Quantum computing and digital threats

Table of contents

• What is quantum computing?
• The threat to current encryption
• The threat of “store now, decrypt later”
• Towards post-quantum cryptography
• Implications for businesses and governments

This article explores how quantum computing could revolutionize the world of cyber security, shedding light on both the immense potential and the serious risks associated with the rise of quantum computers.

We’ll dive into why data protection strategies must evolve alongside this emerging technology and what defenses are being developed to secure our digital world.

What is quantum computing?

Quantum computing is a revolutionary branch of computer science that merges the principles of quantum mechanics with information processing, fundamentally changing the way computations are performed.

Unlike classical computers that encode and process data using bits—each bit having a discrete state of either 0 or 1—quantum computers harness the power of qubits (quantum bits).

These qubits possess unique properties that enable them to exist in a superposition of states, meaning a qubit can simultaneously represent both 0 and 1. This capability underpins the potential of quantum computers to tackle problems that are intractable for their classical counterparts. One of the most compelling characteristics of qubits is entanglement. When qubits become entangled, the state of one qubit becomes directly linked to the state of another, regardless of the distance separating them. This interconnectedness facilitates correlations that are far stronger than anything achievable by classical systems, and it allows quantum computers to process a tremendous amount of information in parallel.

Another key feature is quantum coherence. It refers to the ability of qubits to maintain their superposition state for a certain period, which is critical for performing complex computations before the system decoheres, i.e., loses its quantum mechanical properties due to interaction with the environment.
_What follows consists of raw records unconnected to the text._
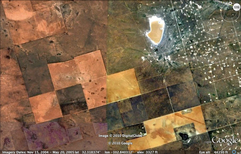 I found one of the areas I was thinking about. The photo below is from an area west of Andrews, Texas. The lines are about 15? off in the direction away from magnetic north.
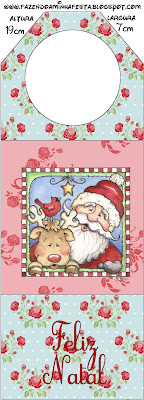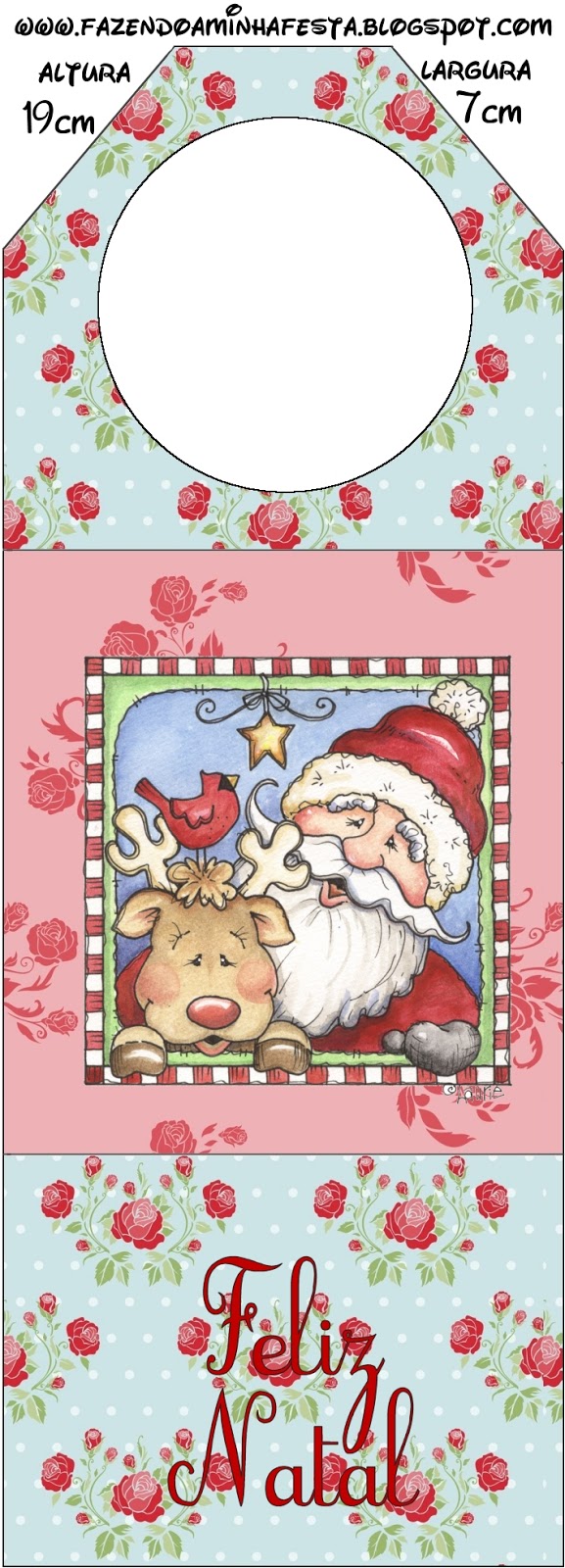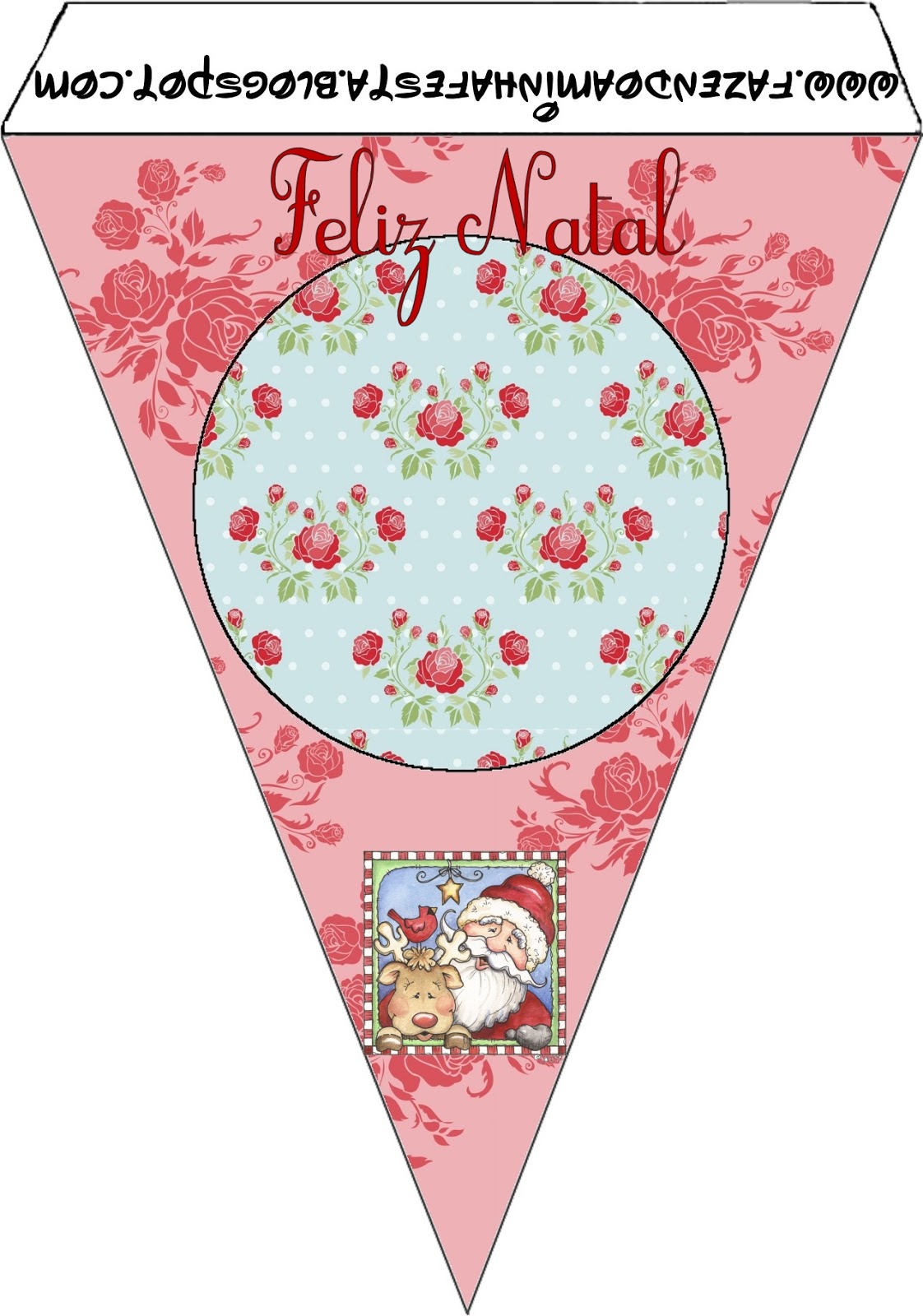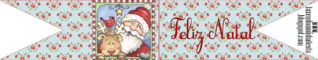Bandeirinha Sanduiche Natal com Papai Noel Azul e Vermelho com Flores:
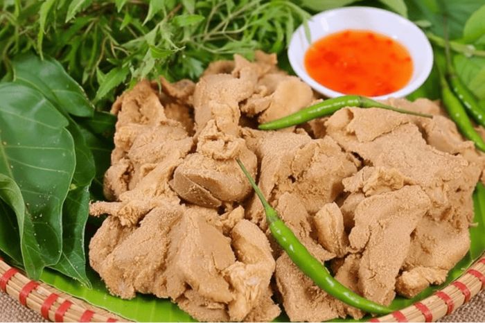 Thịt được ủ chín trong 5 – 7 ngày sẽ có vị chua thanh, béo thơm và hơi cay nồng. Thịt được ăn kèm lá đinh lăng, lá sung và nước mắm tỏi ớt.
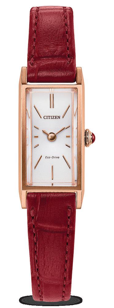 Rose Gold-tone Stainless Steel Case with Silver Sunray Dial on Red Leather Strap, Eco-Drive Quartz Movement
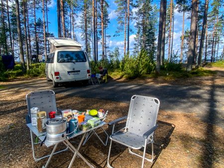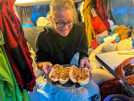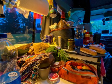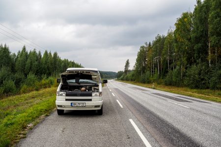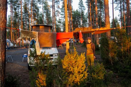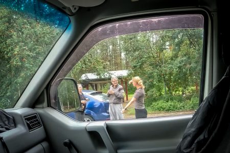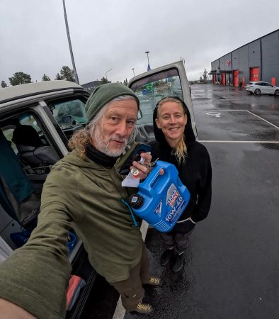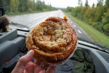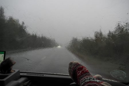 Nach einem ausgedehnten Frühstück, nach dem Fertigstellen des allerersten Schals in der gestrigen Nacht, sind wir mit vollen Bäuchen soweit: heute geht’s auf Vielfraßsuche!
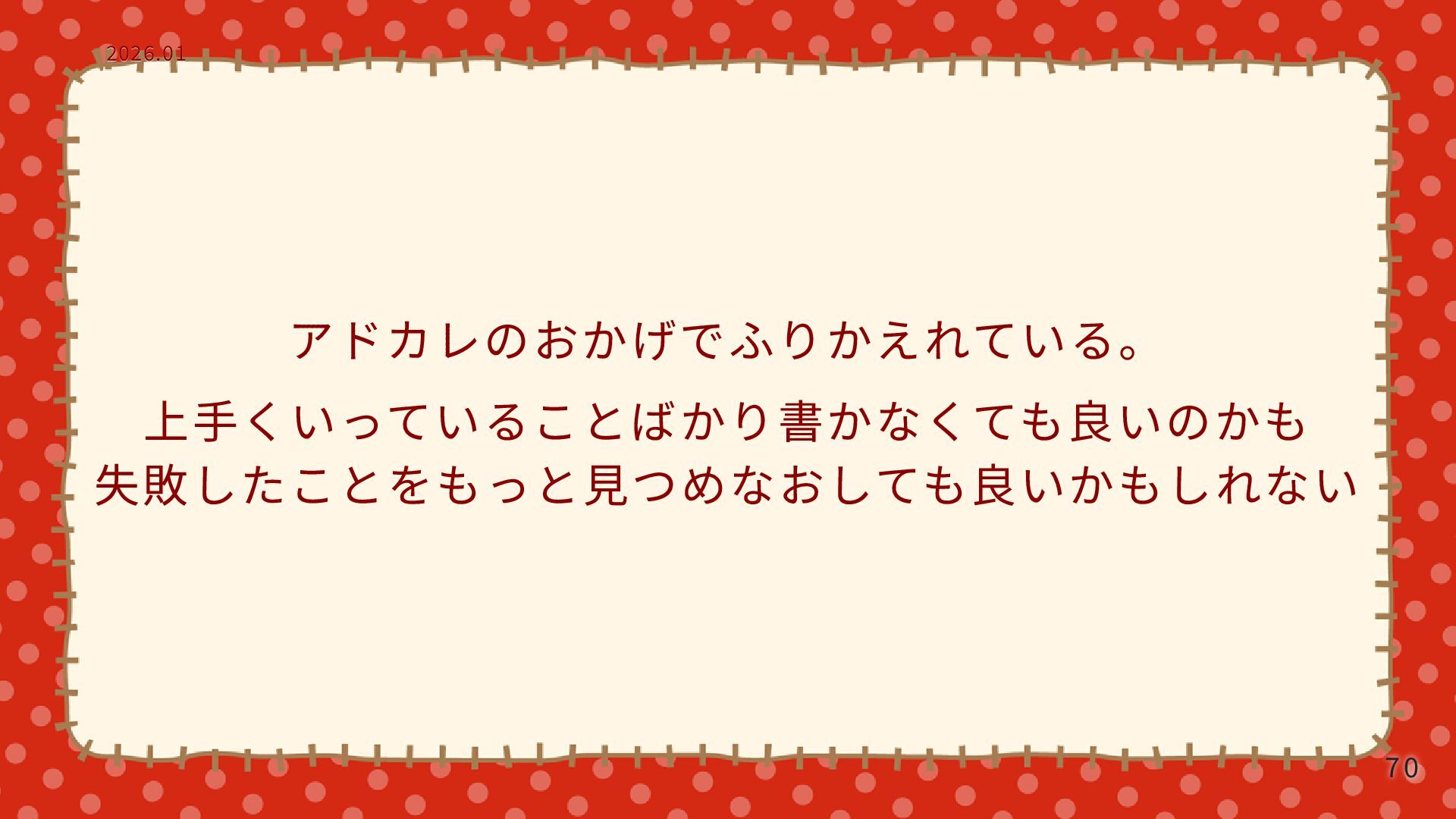 アドカレのおかげでふりかえれている。 上手くいっていることばかり書かなくても良いのかも 失敗したことをもっと見つめなおしても良いかもしれない 2026.01 2026.01 70 70
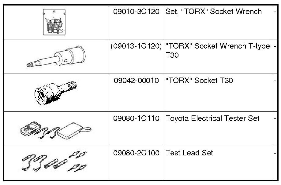 PREPARATION: SUPPLEMENTAL RESTRAINT SYSTEM: RECOMMENDED TOOLS
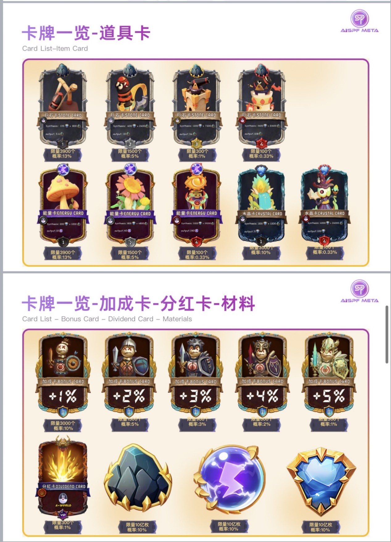 有1、4俩种级别的卡片,合成需要水晶+巨石,产出材料是水晶,每次消耗材料水晶和能量;
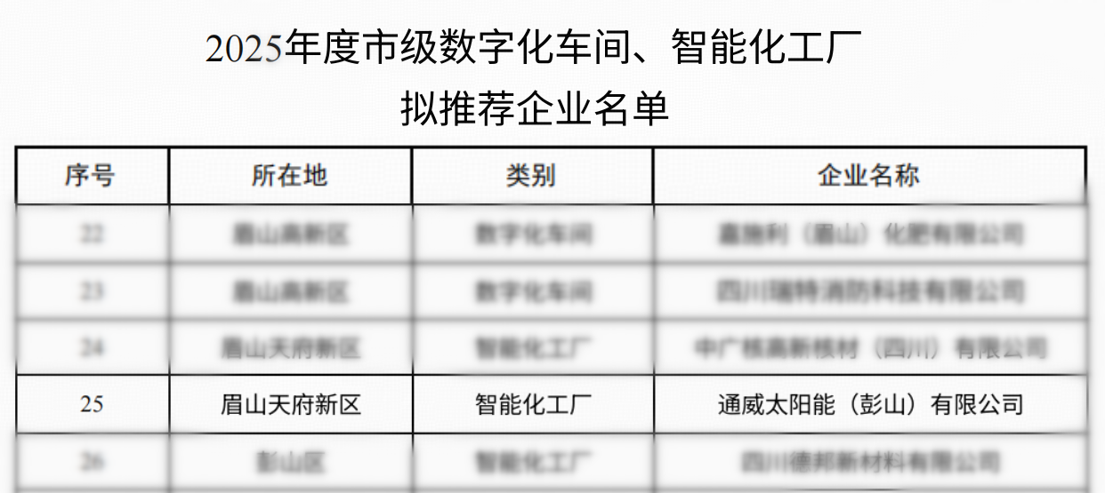 通威太陽能(彭山)有限公司榮獲2025年度眉山市“智能化工廠”榮譽稱號
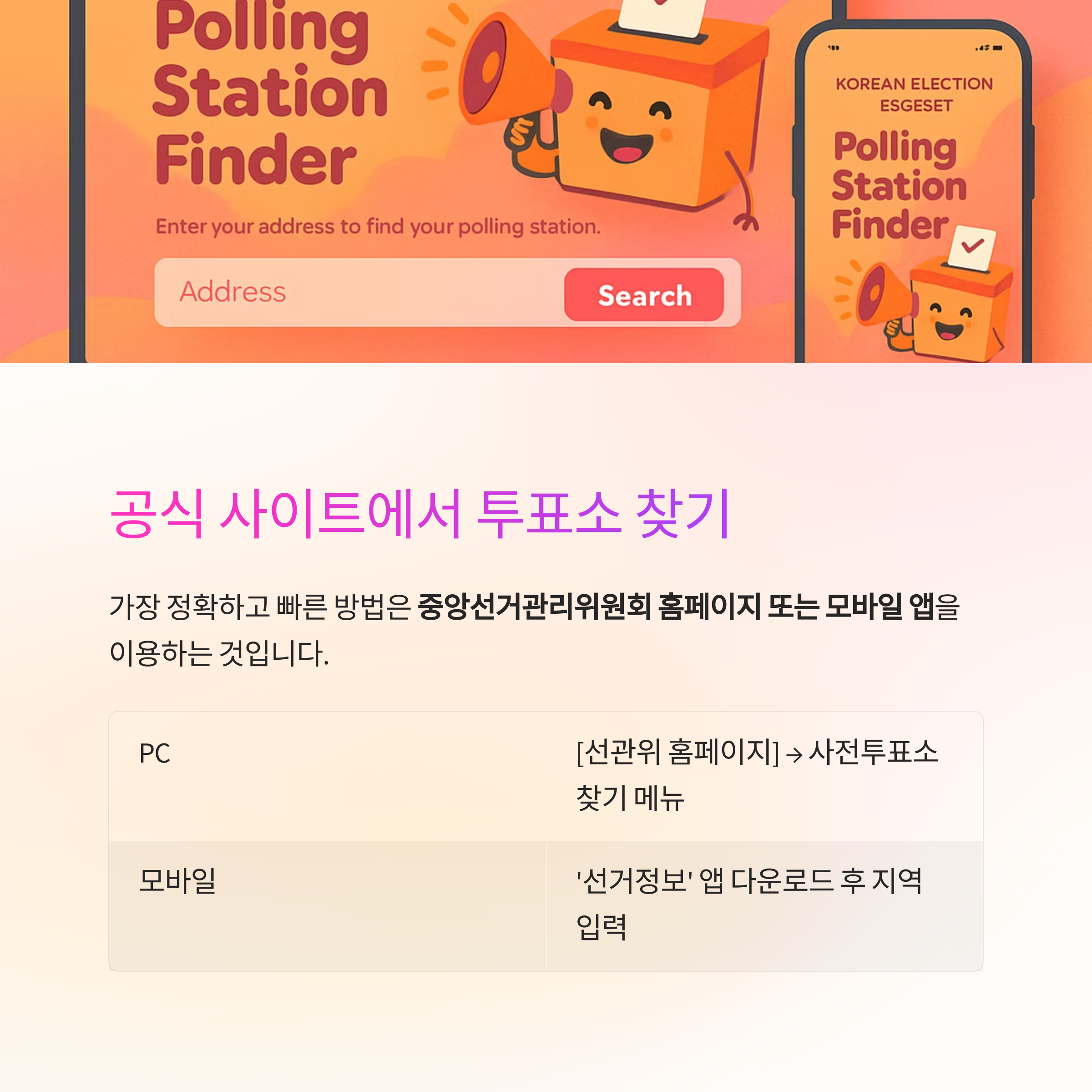 공식 사이트에서 사전투표소 찾기 (모바일·PC 모두 가능)

Managing and prolonging coherence is one of the significant technical challenges currently facing quantum computing research.

The combination of superposition, entanglement, and coherence empowers quantum computers to execute specific algorithms exponentially faster than classical computers. For instance, problems like simulating molecular interactions for new drug discoveries or solving large-scale optimization problems may transition from taking years on today’s computers to mere minutes or even seconds on a sufficiently advanced quantum machine.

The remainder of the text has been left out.